What you will do – Only the lines from the start of the data through the line containing "¹I valori analitici" should be written out, exactly as they are, with both ends included and the pictures left out.

Source material –
◇ ◇ ◇

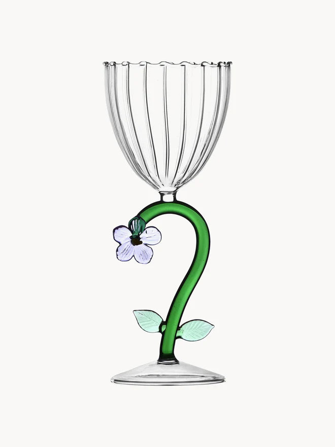 Ręcznie wykonany kieliszek ze szkła borokrzemowego do białego wina BOTANICA ozdobi stół w jadalni romantyczną łodygą i zabawnym kwiatem – prawdziwie bajkowy design na specjalne okazje. (4)
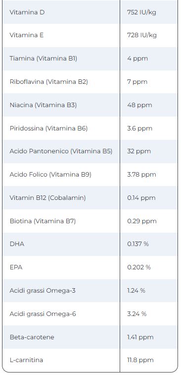 ¹I valori analitici mostrati potrebbero variare leggermente dai valori mostrati sulla confezione. Entrambi i valori sono conformi alle caratteristiche del prodotto.
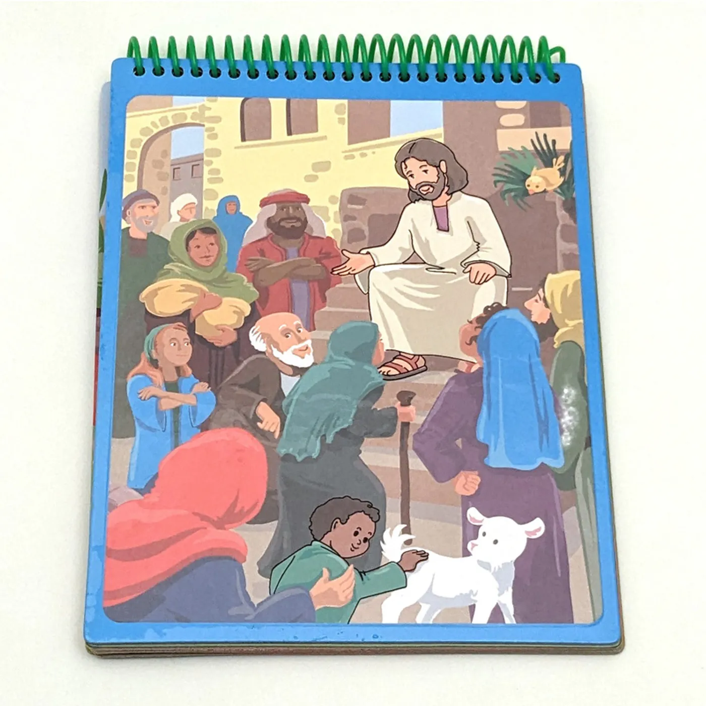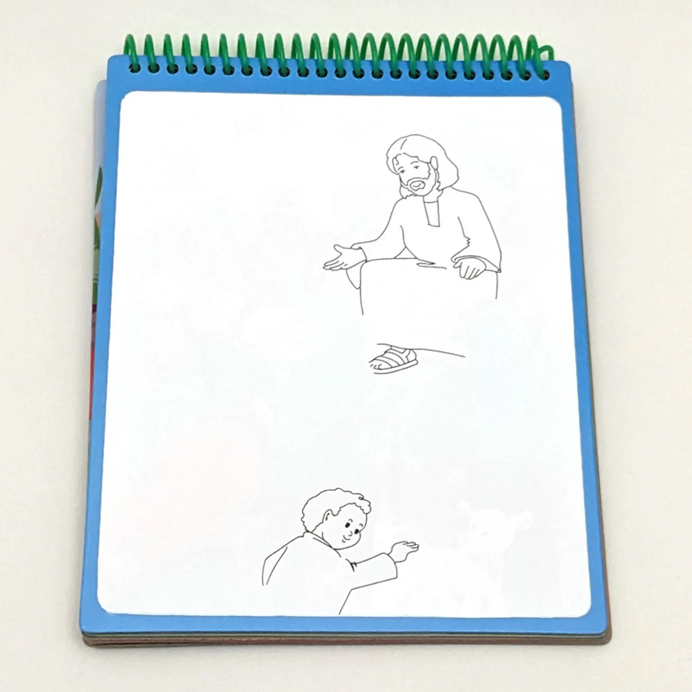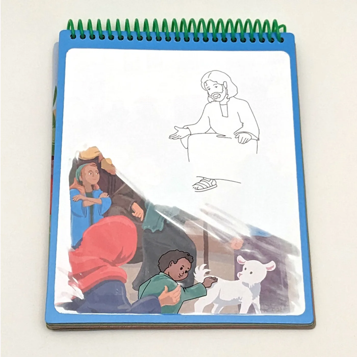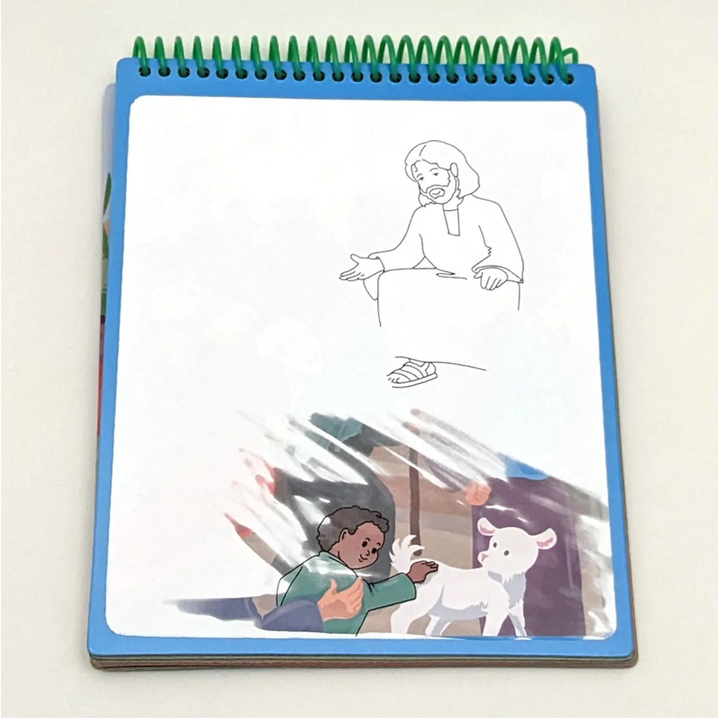 Auf 5 Doppelseiten wird die Geschichte vom verlorenen Schaf kindgerecht erzählt und kann mit einem Wasserpinsel entdeckt werden. Die Bilder sind nämlich zu erst weiß, nur ein paar Figuren oder Tiere sind schwarz umrandet. Sobald man aber mit dem Pinsel (wird mit geliefert!) darüberstreicht, werden die Bilder bunt. Wenn das Wasser verdunstet ist, werden die Seiten wieder weiß und der Spaß kann von Neuem beginnen.☺️

◇ ◇ ◇

Output for this exercise –
 Ręcznie wykonany kieliszek ze szkła borokrzemowego do białego wina BOTANICA ozdobi stół w jadalni romantyczną łodygą i zabawnym kwiatem – prawdziwie bajkowy design na specjalne okazje. (4)
 ¹I valori analitici mostrati potrebbero variare leggermente dai valori mostrati sulla confezione. Entrambi i valori sono conformi alle caratteristiche del prodotto.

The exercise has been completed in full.